Говорят, от одиночества сходят с ума. Но вот интересно, может ли сойти сума лишь треть разума? Причем та, которую изначально считали невменяемой?
Вот повезет мозговеду, которому попадется в руки Король. Ид, эго и супер-эго, разложенные в отдельные коробочки и чуть ли не перевязанные подарочными ленточками: изучай – не хочу!
Ха, Зангетсу сравнение точно бы польстило. Жаль, вряд ли будет шанс поделиться…

В том месте, куда Ичиго низверг своего Пустого, до занпакто – его единственного собеседника в невозможном, повернутом на бок мире – было уже не докричаться. Хотя потеря, в сущности, невелика: Зангетсу был слишком серьезен для пустой болтовни, и слишком благоразумен для провокаций.
Новое место обитания в плане обстановки радовало глаз ничуть не больше прежнего: абсолютно пустое помещение, вечно пребывающее в полумраке, с одним жалким грязным окошечком во внешний – внутренний - мир. Неба оттуда видно не было, только матовую поверхность окна напротив.
Забавно, как, сидя на «поверхности», не замечаешь, сколько грязи скапливается внизу. А все этот дождь… Мутные следы от смоченной ливнями пыли искажали то немногое, что еще можно было разглядеть, и иногда до зуда в ладонях хотелось распахнуть окно и хоть чем-нибудь – рукой, рукавом ли – стереть их к чертовой матери! Но нельзя; все выходы заперты и запечатаны волей Короля, победившего своего Пустого, и теперь считавшего его неким усовершенствованным подобием батарейки на случай, когда начинает пахнуть жареным.
Но Хичиго был далек от того, чтобы признать поражение и покориться воле победителя. Он не давал забыть, что каждое обращение к своей «темной стороне» грозит вылиться в матч-реванш, исход которого далеко не так однозначен, как хотелось бы и.о. шинигами. И пусть его возможности напрямую влиять на Ичиго были заблокированы, тот все равно опасался подолгу пользоваться заемной силой, и спешил завершить поединки в самому себе установленный пятиминутный срок.

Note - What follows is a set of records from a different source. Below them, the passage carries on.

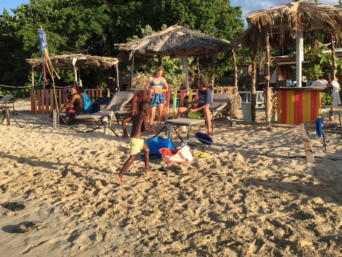 Als wir dann mit den Arbeiten im Hafen fertig waren, machten wir uns auf die Umgebung auszukundschaften. Wir probierten zum ersten Mal unseren grossen Dinghimotor aus. Dieser ist enorm schwer und wir müssen uns gut überlegen wie wir diesen in die Hände nehmen. Aber wenn er mal montiert ist, können wir so richtig schnell und weit fahren! Wir fahren aus dem Hafen heraus und an das hinterste Ende des langen Sandstrandes. Dort ist eine kleine Hütte, eine Strandbar mit einer ältern dicken Mama, der Miss Marie, hinter der Theke. Und das klassische Bild mit dem Baum am Ufer und den Einheimischen die darunter sitzen. Gemütlich! Wir kommen mir den Gästen ins Gespräch, mit Einheimischen und Touristen, probieren Miss Maries Erdnussrum und essen das von ihr auf dem Feuer frisch gebackene Brot mit Käse gefüllt. Lenja ist mit Neele solidarisch und spielt mit ihr im Sand, anstatt ins Wasser zu gehen und wir schwimmen endlich im warmen, karibischen Wasser! Am nächsten und übernächsten Tag machten wir uns nochmals zu diesem einheimischen Strandabschnitt auf. Der Rest des Strandes ist mit Restaurants und Hotels verbaut. Wir probierten Miss Maries auf dem Feuer gekochtes Mittagessen: Gebratene Pouletstücke mit Reis, Kochbananen und Brotfrucht. Dazu eine scharfe, süssaure Sauce. Nach ca. einer Stunde Wartezeit mit knurrendem Magen war diese Mahlzeit besonders gut! Und irgendwie war es auch gut zu sehen wie da in einer Seelenruhe gewerkelt wird, ohne Hektik, ohne Eile.
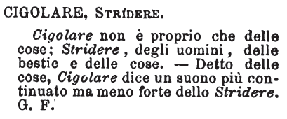 | Cigolare, Stridere - Cigolare non è proprio che delle cose; Stridere, degli uomini, delle bestie e delle cose. - Detto delle cose, Cigolare dice un suono più continuato ma meno forte dello Stridere. G. F. [immagine] |
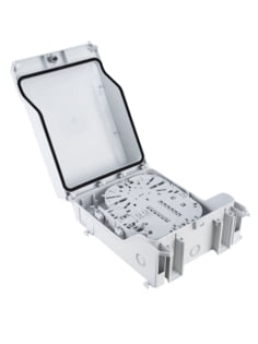 Polaris-box 16 with external mounting points equipped with a swiveling fiber inlay. On the top side adapter field for up to (12)/24 adapter (LC-D), SC or E-2000. On the back side splice area for up to 2 splice protectors 12 x crimp (ANT) or 12 x shrink (HS). Additional fiber storage are below the fiber inlay.
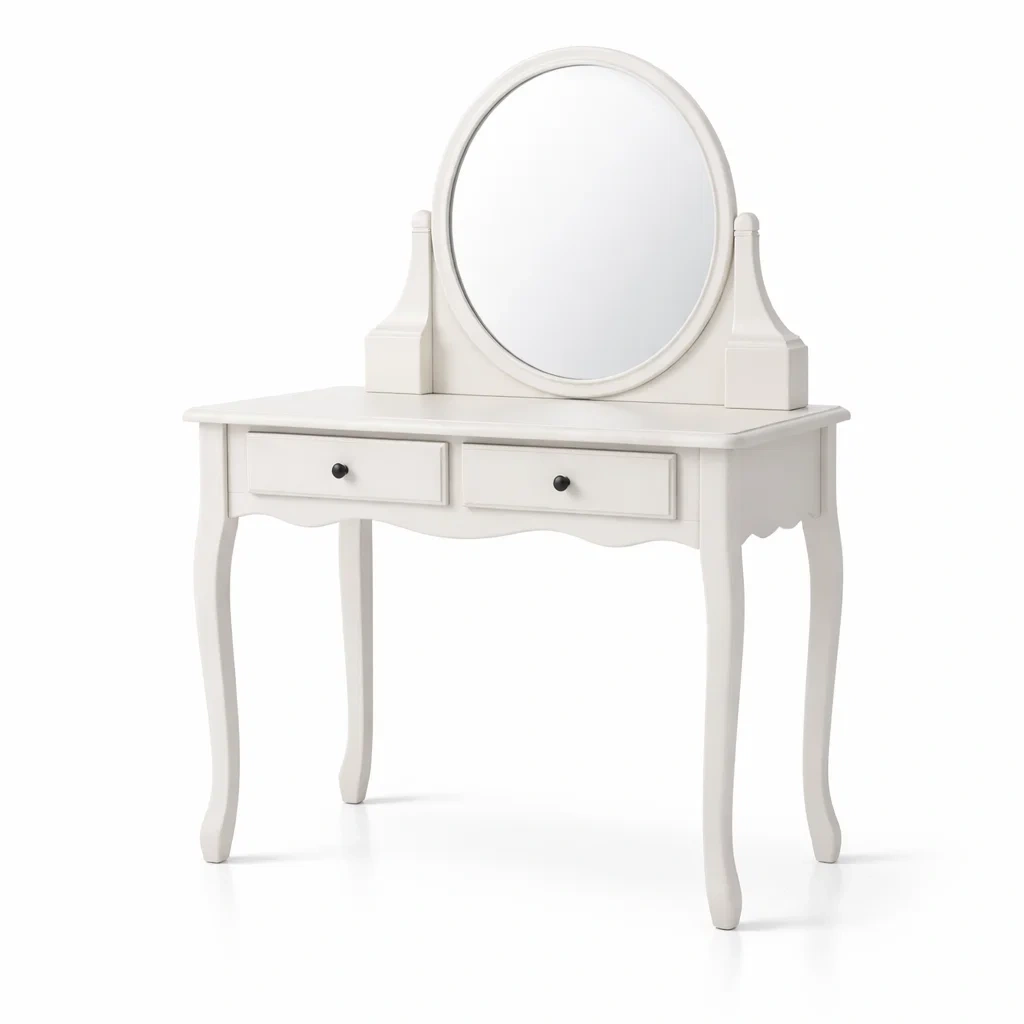 Toeletta in legno bianco con specchio rotondo

Однако эти уколы подспудного беспокойства, которыми Пустой награждал своего Короля каждый раз, когда тот хотя бы подумывал о том, чтобы призвать белую маску с красными полосами, были всего лишь дымовой завесой, скрывающей истинную атаку.
Хичиго усмехнулся, отворачиваясь от мутного стекла, и без колебаний направился в самую темную часть своей почти безграничной тюрьмы.
Отправив его вниз, туда, откуда он когда-то давно выполз, Ичиго совершил, возможно, свою самую большую ошибку. Сон разума рождает чудовищ? Забавно, когда иносказательную фразу можно применить к ситуации буквально.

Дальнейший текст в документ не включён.